Subscribe Bookmark RSS Feed
anne_milley

Staff

Joined:

May 28, 2014

The well-appointed analytic workbench

What do I mean by “analytic workbench?” Basically, the compute-resource environment with which data analysis takes place. How would you describe some of the analytic workbenches in your organization? Not everyone is a power analyst, so not everyone requires power tools. But all of us deal with data at some level, and all of us can benefit from making sense of our data more efficiently and effectively. See if there are opportunities to make the analytic workbenches in your organization more productive.

Memory and Storage

Do you have lots of memory available on your desktop and/or servers? Do you have plenty of storage locally and remotely?
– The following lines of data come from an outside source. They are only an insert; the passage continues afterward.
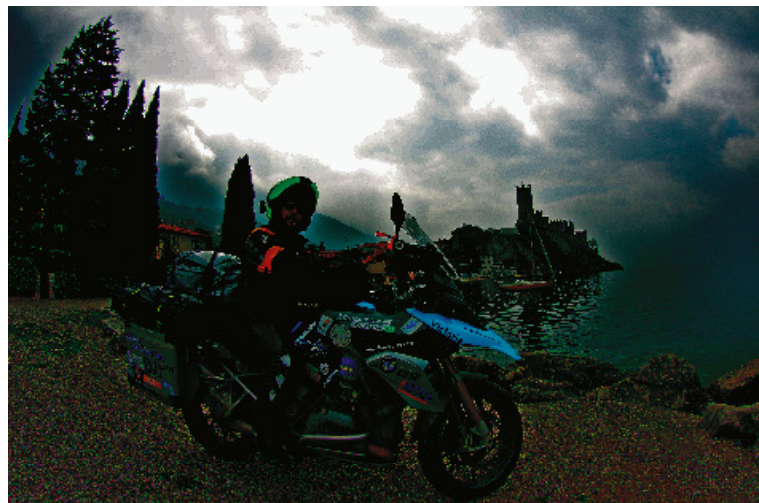
Delante de la fortaleza de Garda

No me hago ese tipo de consideraciones. Digo lo que opino, algunas veces seré incorrecto pero no intento serlo a pro-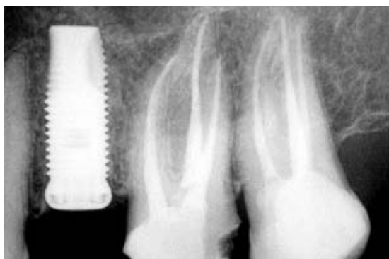
Abb. 5: Zahn 25 war frakturiert, wurde extrahiert und durch ein Implantat ersetzt. Das Röntgenkontrollbild zeigt den Zustand nach endodontischer und implantologischer Behandlung.

Farzaneh et al. (2004) veröffentlichten mit der Toronto-Studie (I und II) kontrollierte retrospektive Untersuchungen mit dem Ziel der Identifikation des Behandlungserfolges von Revisionen sowohl an Zähnen primär wurzelbehandelt mit und ohne apikaler Aufhellung. Die Autoren berichteten über eine Erfolgsrate von 97 % bei Zähnen ohne und 78 % bei Zähnen mit apikaler Aufhellung. Die gleiche Gruppe (Wang et al. 2004) untersuchte auch den Heilerfolg der chirurgischen Wurzelbehandlungsrevision innert obiger Studie und registrierte hierfür einen Heilerfolg von 74 %.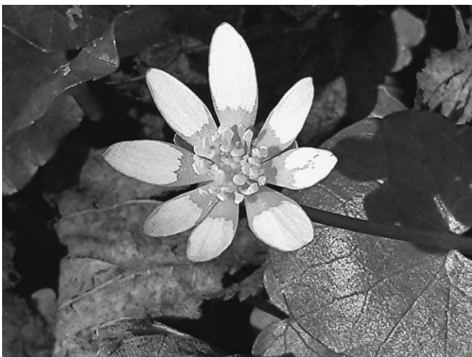
Frühlingsscharbockskraut (Rolf Jürgens)

Im März kann man im Federseemoor schon einige Frühlingsboten entdecken. Wiesenpieper und Feldlerchen kommen aus den Winterquartieren zurück und besetzen ihre Reviere. Ab Mitte März sind auch die Rohrweihen aus Afrika zurück-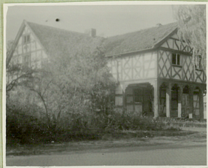
Od strony pñd.-wsch.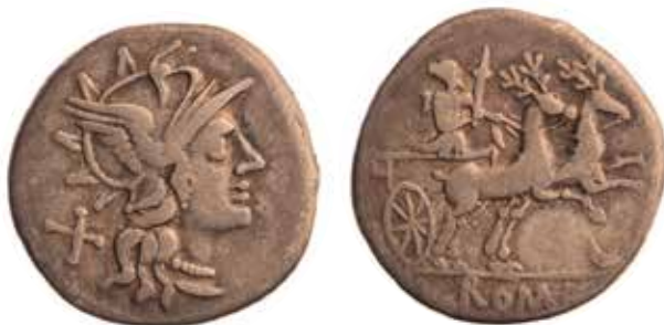
● □ 2: Anonymní denár 143 př. n. l., RRC 222/1.

Jedná se o anonymní denár datovaný do roku 143 př. n. l. s vyobrazením hlavy bohyně Romy na lici a s Dianou řídící bigu taženou dvěma jeleny na rubní straně. Bohyně má na zádech toulec šípů, pod kopyty zvířat se nachází symbol v podobě půlměsíce, v dolní úseči je umístěn nápis ROMA. Na dosud známých ražbách tohoto typu (obr. 2) Diana třímá v pravé ruce planoucí pochodeň a v levici opratě, na vzácné variantě však drží pochodně dvě – jednu v pravici a druhou zároveň s opratěmi v levé ruce.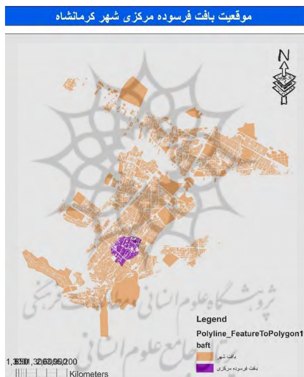
شکل ۲. نقشه موقعیت بافت فرسوده مرکزی در شهر کرمانشاه

شهر کرمانشاه در نیمه شرقی استان کرمانشاه، بین ۳۴ درجه و ۱۹ دقیقه عرض شمالی و ۴۷ درجه و ۷ دقیقه طول شرقی از نصف‌النهار گرینویچ قرار گرفته است. این شهر دارای جایگاه نسبتاً بالایی در نظام سلسله مراتب شهری ایران می‌باشد و به عنوان نهمین شهر بزرگ ایران در میان بیش از ۱۰۰۰ شهر بزرگ و کوچک حائز رتبه‌ای درخور توجه است. بر اساس آخرین اطلاعات این شهر دارای جمعیتی حدود ۹۴۵۲۸۵ نفر می‌باشد (مرکز آمار ایران، ۱۳۹۵). بافت مرکزی شهر کرمانشاه به مثابه قلب تپنده شهر که مرکز فرماندهی اقتصادی و اجتماعی را تشکیل می‌دهد دارای اهمیت فوق العاده‌ای است (شکل ۲)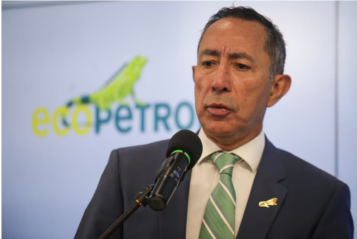
El presidente de Ecopetrol, Ricardo Roa Barragán.

Posteriormente, entre septiembre y octubre de ese mismo año, se habría llevado a cabo un segundo encuentro privado dentro de instalaciones de Ecopetrol.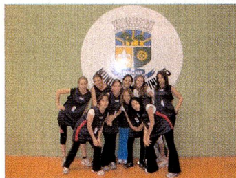
A Equipe campeã de voleibol feminino

No mês de outubro, o Colégio Suíço participou dos "JIEP'S 2006", com várias equipes e modalidades. Estes jogos são classificatórios para os JOGOS COLEGAIS DO PARANÁ - JOCOP'S 2007. O campeão de cada modalidade está classificado e representará o Município de Pinhais.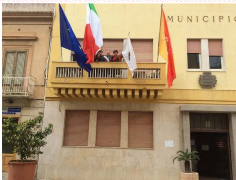
La bandiera del Rotary esposta al balcone dal Palazzo Municipale di Paceco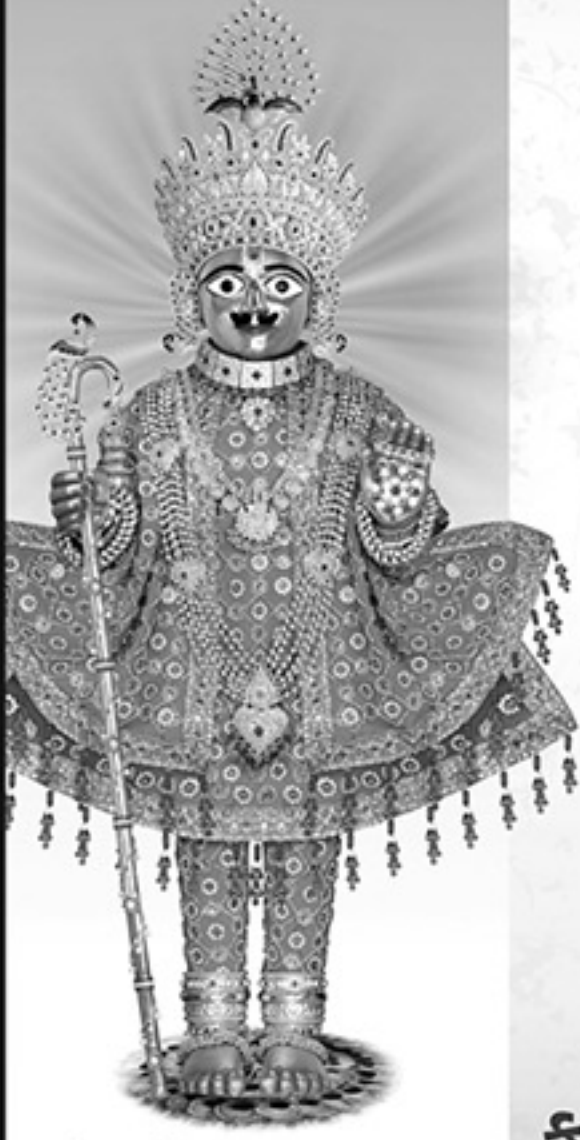
श्री हरिकृष्ण महाराज वडतालधाम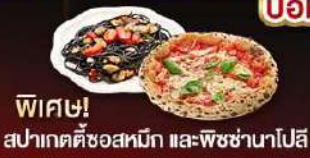
พิเศษ! สปากคดียอสมทัก และพิซชานาโปลี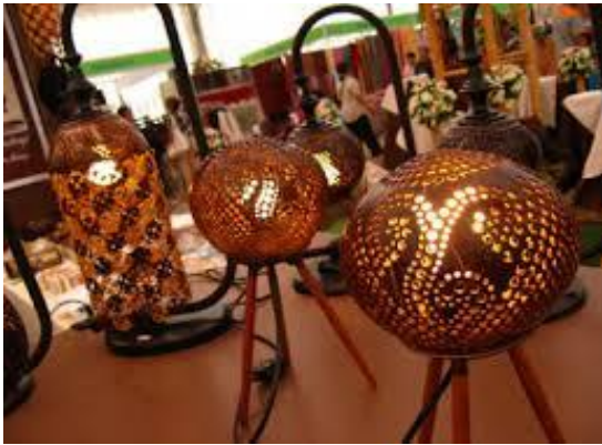
ข้าวสังข์หยด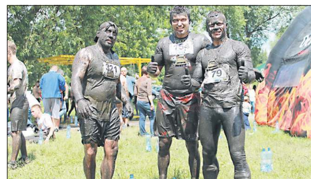
Tak wyglądali Dragoni po biegu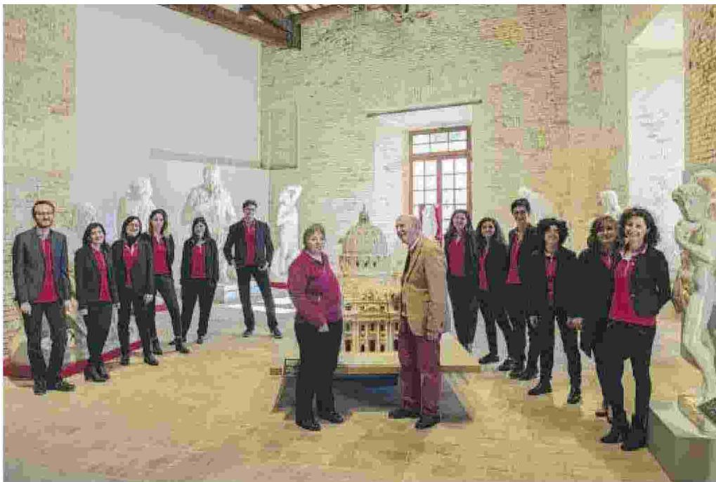
L'ARTE CONTINUA A VIVERE CON NUOVI PROGETTI SUI CANALI SOCIAL

Una nuova iniziativa si avvia in questi giorni: un'edizione straordinaria della Biennale Ar- teinsieme . All'insegna degli hashtag #biennalearteinsieme e #laculturanon dimenticanessuno, il Museo Omero inviterà i luoghi della cultura a pubblicare sui loro social materiale inerente la propria realtà che sia accessibile ai disabili. Tutti i video realizzati sono raccolti nella playlist #iorestoacasa del canale Youtube www.youtube.com/user/museotattileomero . Per restare aggiornati, basta seguire i profili social del Museo Omero .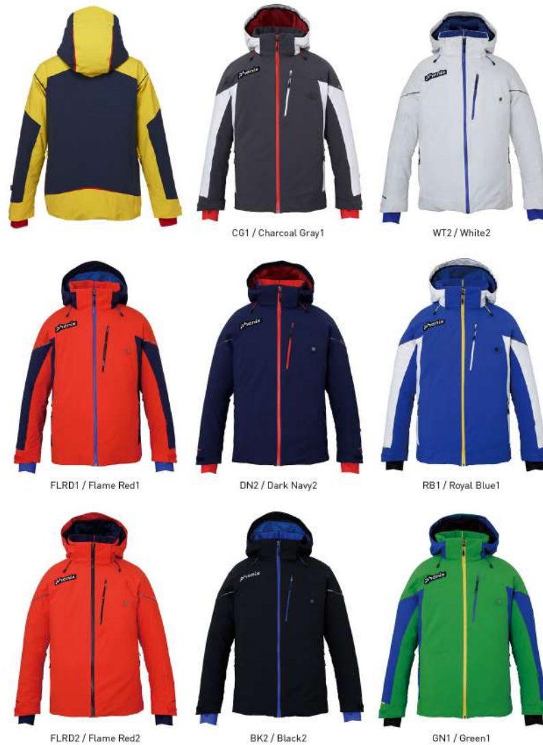
FLRD2 / Flame Red2 BK2 / Black2 GN1 / Green1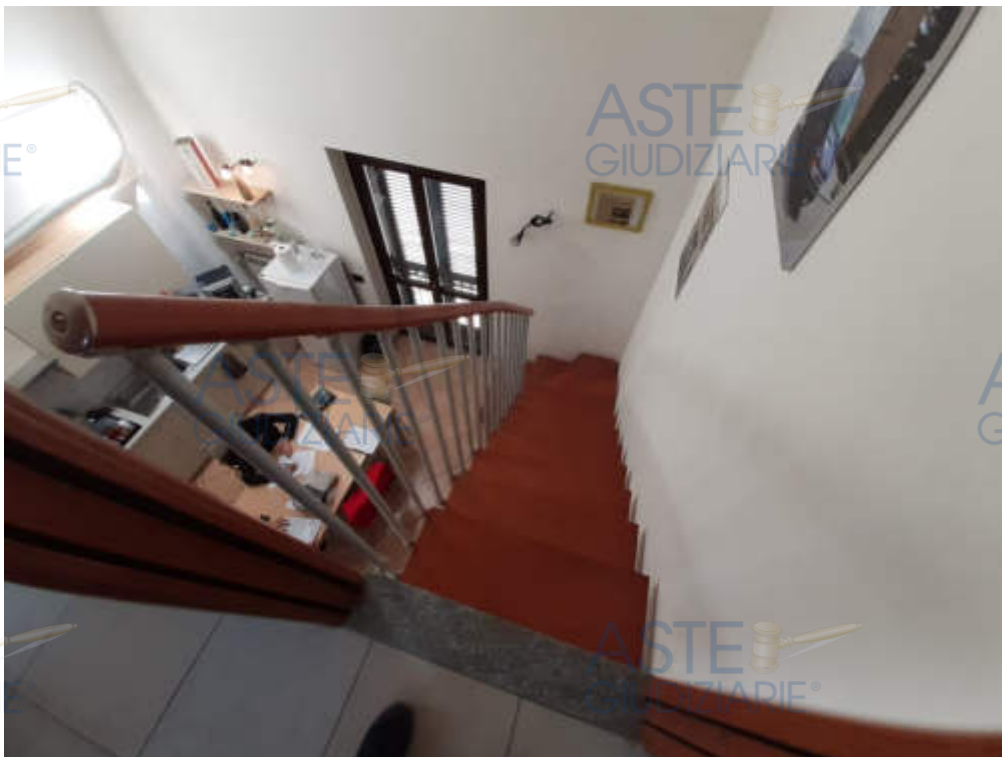
Vista interna scala di collegamento quota piano secondo / terzo sottotetto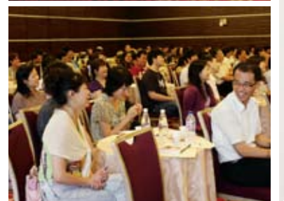
▲ 透過「元智密碼」名人對談——走進高等教育的桃花源，探討提升大學生競爭力，分享元智關鍵密碼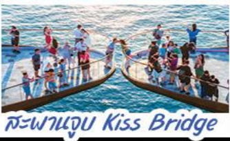
สะพานจูบ Kiss Bridge

More memory creates more analytic bandwidth, not just through more efficient compute resources, but also through less wait time on the part of the analysts — who are increasingly among the more expensive talent. Both memory and storage, on the other hand, have become quite inexpensive, as shown in JMP Graph Builder with data from John C. McCallum.

 

Form and Function

Easy-to-use, well-designed interfaces help you stay “in flow.” Even the savviest coders and spreadsheet users can benefit from interactive, dynamic visualization. Staying “in flow” has been one of the guiding principles for developers in JMP — minimize the drudgery and complexity while speeding up discovery.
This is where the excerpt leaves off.